Robinson agreed with Hall’s assessment of Green and she said as much at her event.

“I don’t have any problem with Ted. I’m going to vote for Ted for mayor on Nov. 7 too, just like everybody else in East Orange,” Robinson said Thursday, Oct. 26. “But I’m going to vote for myself for 3rd Ward councilwoman, because the powers that be said, ‘We could run Mickey Mouse on the line and Mickey Mouse would win.’ So are we Pluto and Minnie? Because what they’re saying is we don’t pay attention, but we’re going to show them. Mickey Mouse is going to learn how to be humble.”

That kind of rhetoric may have endeared Robinson to the local Union of Hospital and Health Care Employees union members who endorsed her. According to Robinson, there are more than 3,000 members of the local 1199J union residing in East Orange and union officials have pledged to have most of them working the phones on her behalf in the final days of the campaign.

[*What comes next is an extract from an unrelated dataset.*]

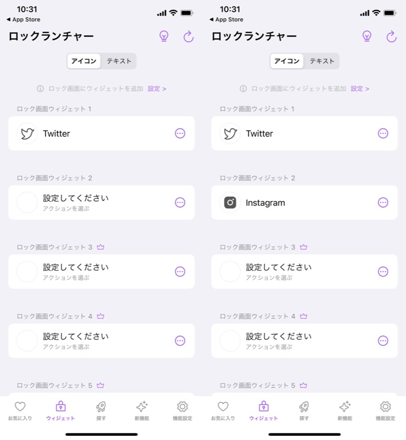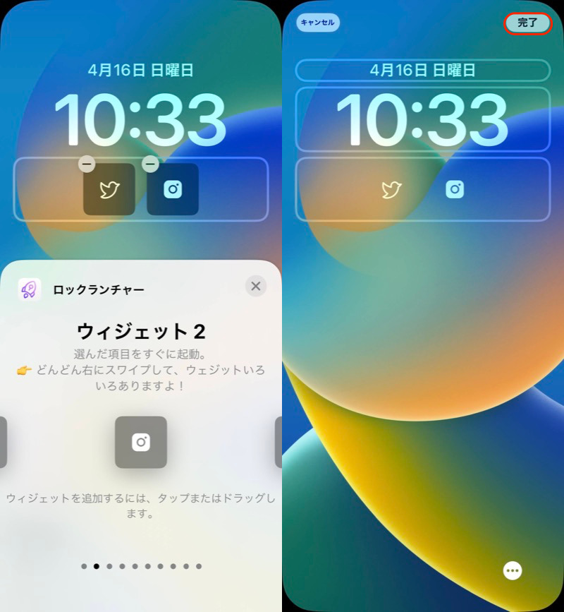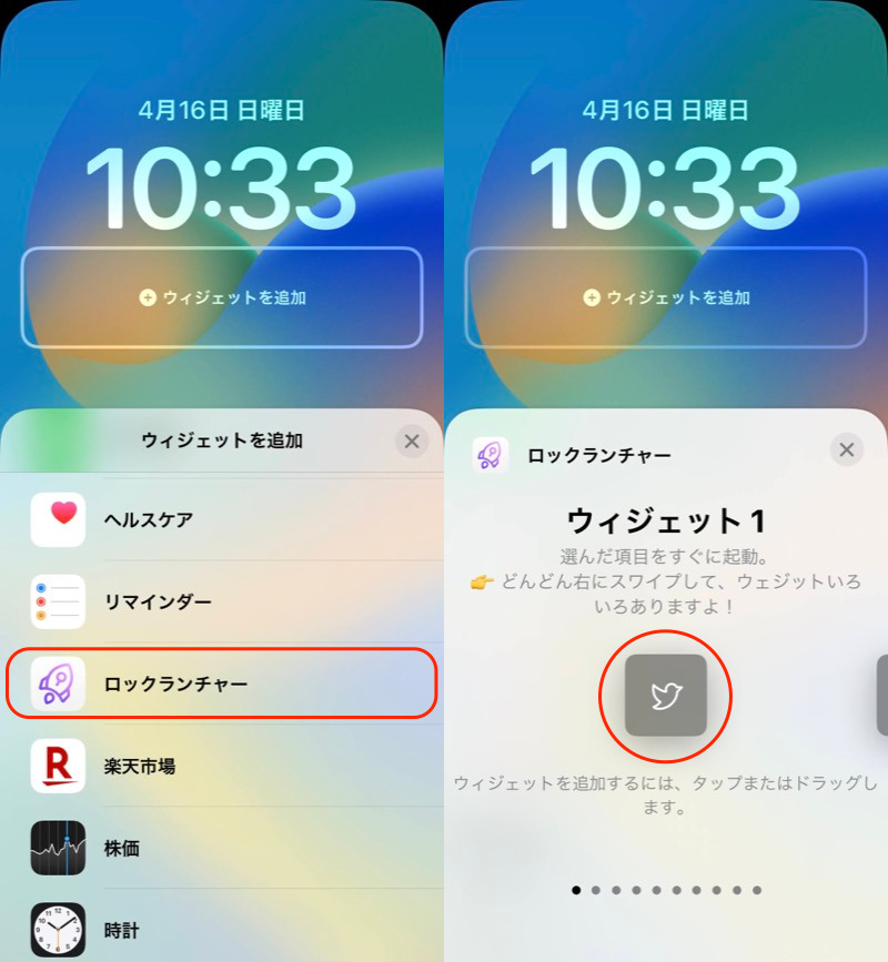 (左)选择锁定启动器(右)按顺序添加小部件

“Our union, District 1199J and our Political Action COPE Committee, is pleased to inform you that we have endorsed you candidacy to the East Orange City Council,” said 1199J President Susan Cleary in a letter to Robinson dated Thursday, Oct. 5. “We in District 1199J have pledged our support to you and your campaign to bring about a successful victory and wish you well in your fight.”

According to Essex County Clerk Chris Durkin, there are 38,627 registered voters in the city, with 24,996 Democrats, 13,107 unaffiliated and 524 Republicans.

When Green won the Democratic Party primary on Tuesday, June 6, he received more than 90 percent of the vote against challengers John Thompson Jr. and Kenwyn Williams, with 6,215 votes, compared to 661 and 76, respectively, and 10 write-in votes. Leneus received 93.2 percent of the votes cast in the primary for 3rd Ward councilman, getting 1,533 votes cast, with two write-ins.

If Leneus wins, he will be the city’s first-ever Haitian-American councilman. He had no opposition in the primary, as Robinson, a longtime Democrat, is running as an independent.

“I’m excited, yet humbled, to be the first-ever Haitian-American Democratic Party nominee in the great city of East Orange. I owe a lot of gratitude to my parents, who, as immigrants, migrated to East Orange. My parents taught me the value of hard work, Democratic values and seizing opportunity when the moment is available,” said Leneus on Tuesday, Oct. 17. “As someone who was born and raised in East Orange and am raising a family here, I know too well the struggles our families face trying to make ends meet. That is why I am running for council, to lessen the hardships on working people.”